What the exercise asks
Retype each record exactly; no pictures.

Items from a data source
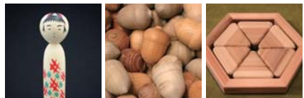
由利本荘市産 木のおもちゃのイメージ
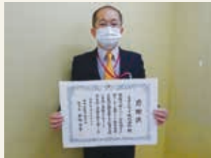
イオンビッグ株式会社

※新型コロナウイルス感染防止対策として、特別支援教育課が各企業を訪問し、授与しました。
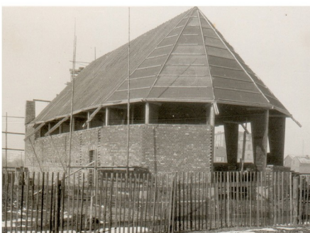
Baufoto vom 03. März 1950 (hängt in der Kirche)
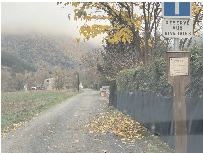
Impasse des Castanets (Quézac)
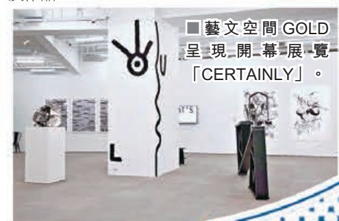
■藝文空間 GOLD 呈現開幕展覽「CERTAINLY」。

他相信 GOLD 將成為香港一處極具實驗性的空間，同時結合商業和非商業內容。除呈現本地藝術家的獨特之處，他也希望以這次展覽為開端，向香港引薦越來越多的非本地藝術家及作品。
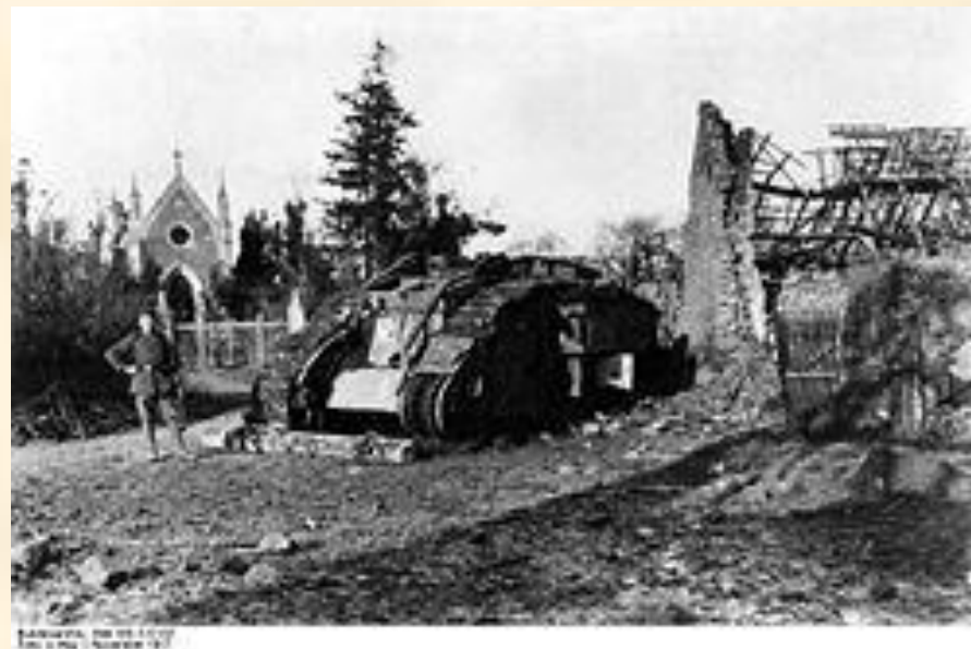
Подбитый английский танк

Your solution
由利本荘市産 木のおもちゃのイメージ
イオンビッグ株式会社

※新型コロナウイルス感染防止対策として、特別支援教育課が各企業を訪問し、授与しました。
Baufoto vom 03. März 1950 (hängt in der Kirche)
Impasse des Castanets (Quézac)
■藝文空間 GOLD 呈現開幕展覽「CERTAINLY」。

他相信 GOLD 將成為香港一處極具實驗性的空間，同時結合商業和非商業內容。除呈現本地藝術家的獨特之處，他也希望以這次展覽為開端，向香港引薦越來越多的非本地藝術家及作品。
Подбитый английский танк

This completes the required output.